_RAW DATA_:
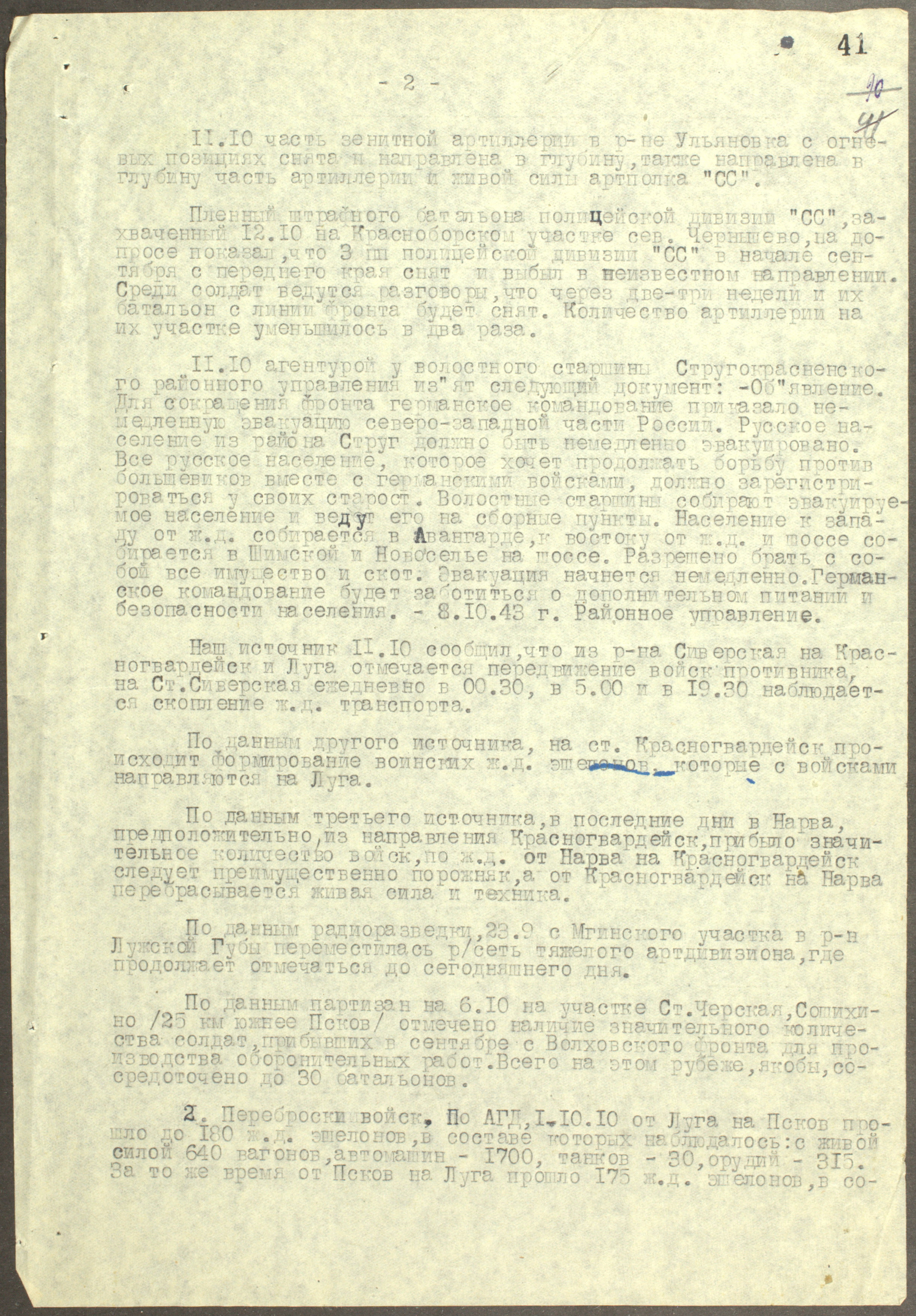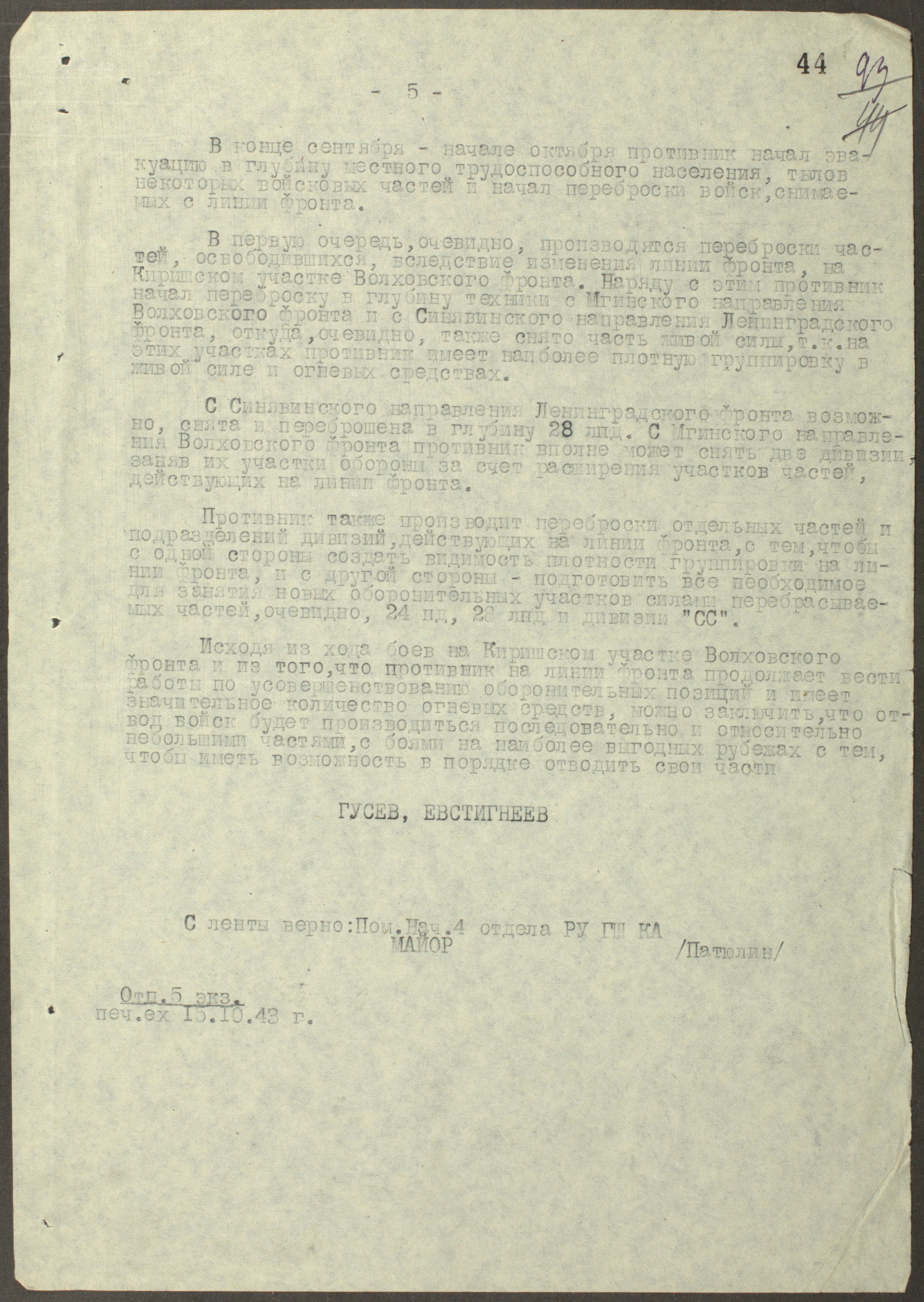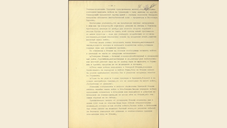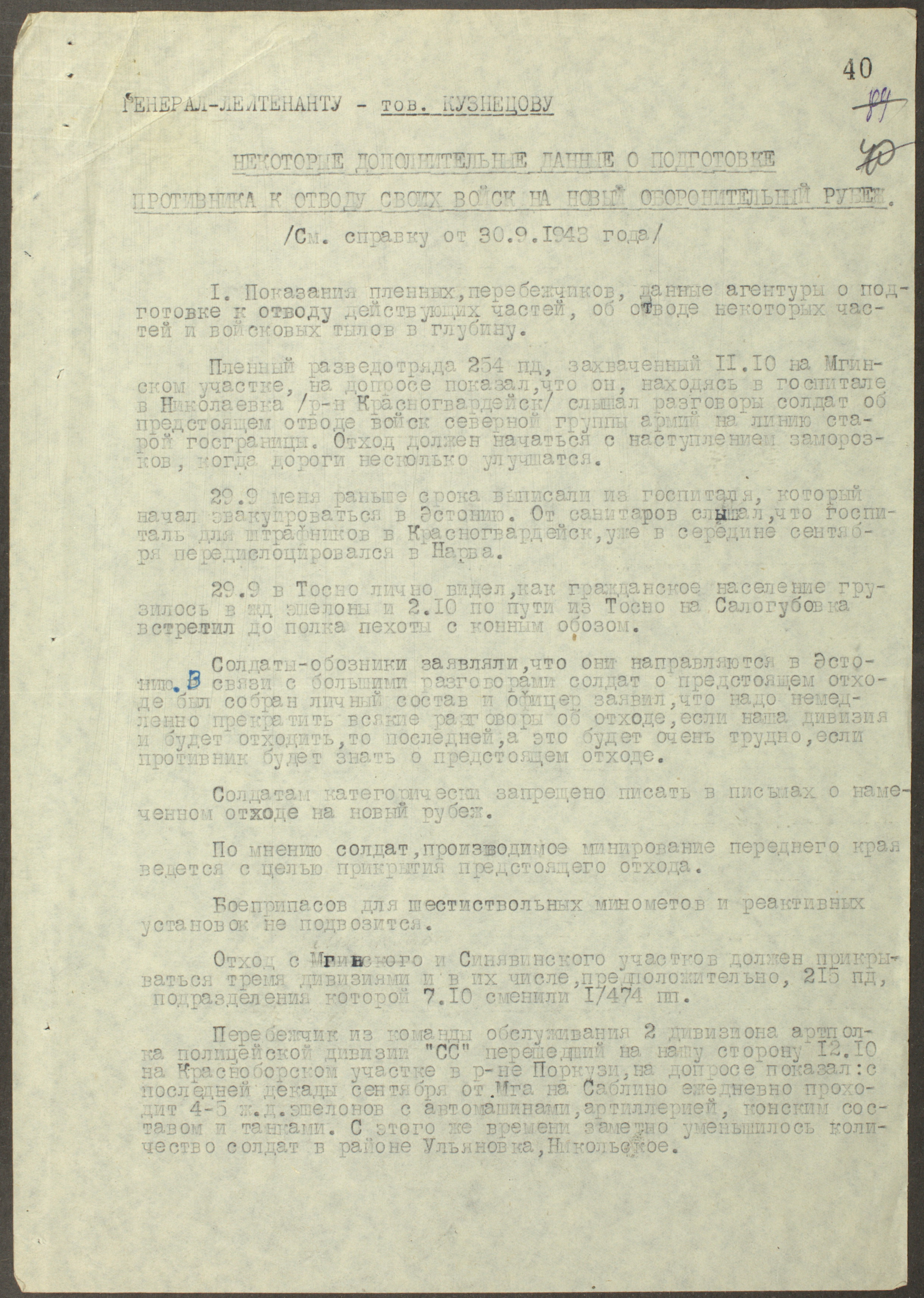 Донесение генерал-лейтенанту Кузнецову о подготовке немецких войск к отступлению — конец 1943 г.
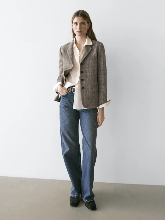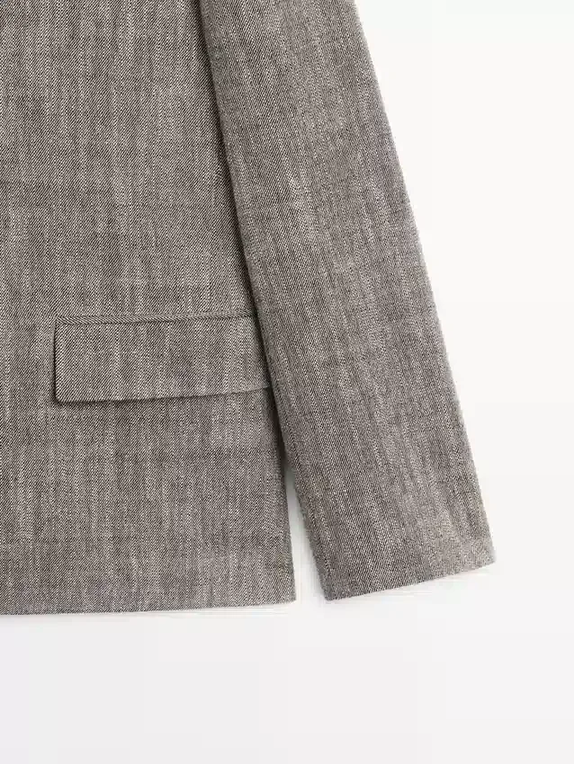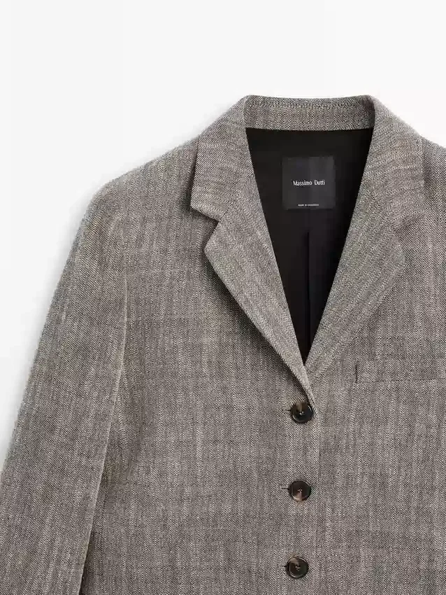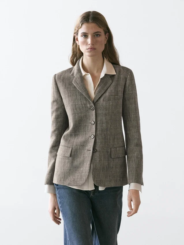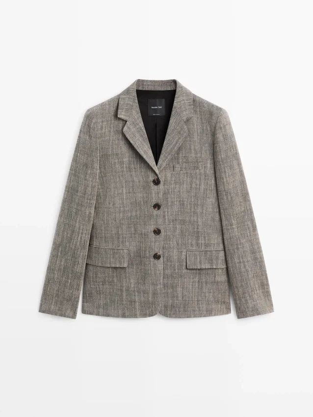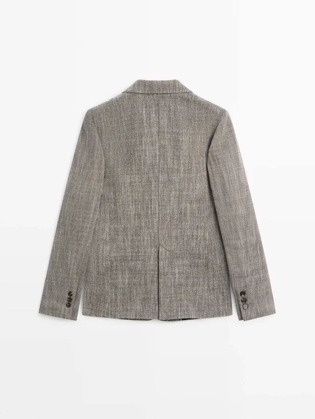 Blazer Made of a Wool Blend. Notched Lapel Collar. Long Sleeves with Buttoned Cuffs. Four-Button Fastening. Two Flap Pockets. Insert Welt Pocket at the Chest. Lined.
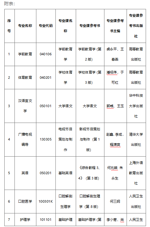 各专业考试科目除湖北省统考科目外,还需要进行专业课科目考试,具体科目及参考书籍信息参见附表。退役大学生士兵考试科目按照湖北省教育厅相关工作安排实施,详细内容请参见我校2025年普通专升本招生简章。
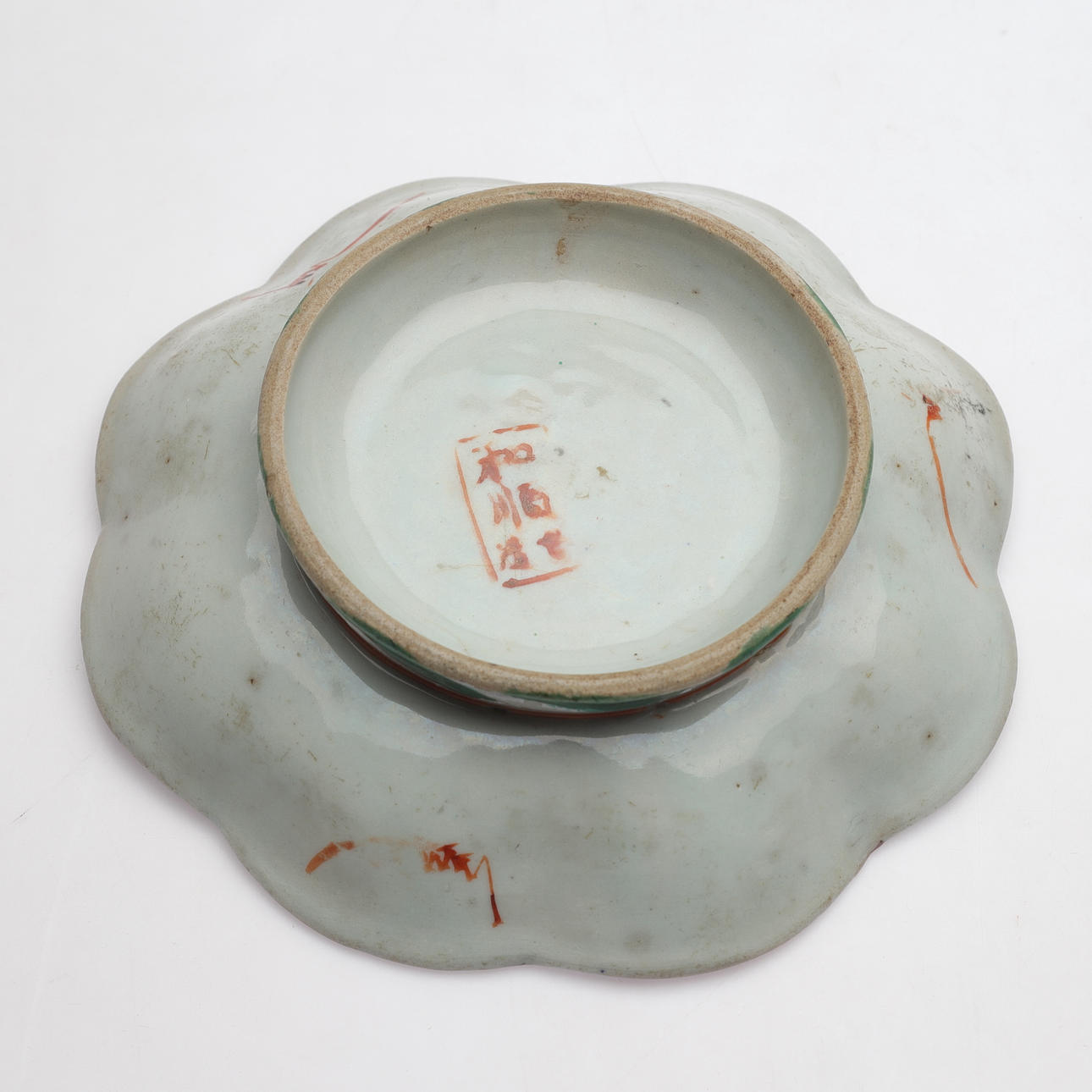 Bruks- och åldersrelaterat slitage. Tillverkningsdefekter/glasyrmistor. Perukvas med spricka/dekorbortfall. Tekanna med glasyrspricka på undersida.

_PROMPT_:
Only the lines from the one containing "各专业考试科目除湖北省统考科" through the last line of the data belong in the copy, both included and reproduced exactly. Pictures do not.

_WRITTEN ANSWER_:
 各专业考试科目除湖北省统考科目外,还需要进行专业课科目考试,具体科目及参考书籍信息参见附表。退役大学生士兵考试科目按照湖北省教育厅相关工作安排实施,详细内容请参见我校2025年普通专升本招生简章。
 Bruks- och åldersrelaterat slitage. Tillverkningsdefekter/glasyrmistor. Perukvas med spricka/dekorbortfall. Tekanna med glasyrspricka på undersida.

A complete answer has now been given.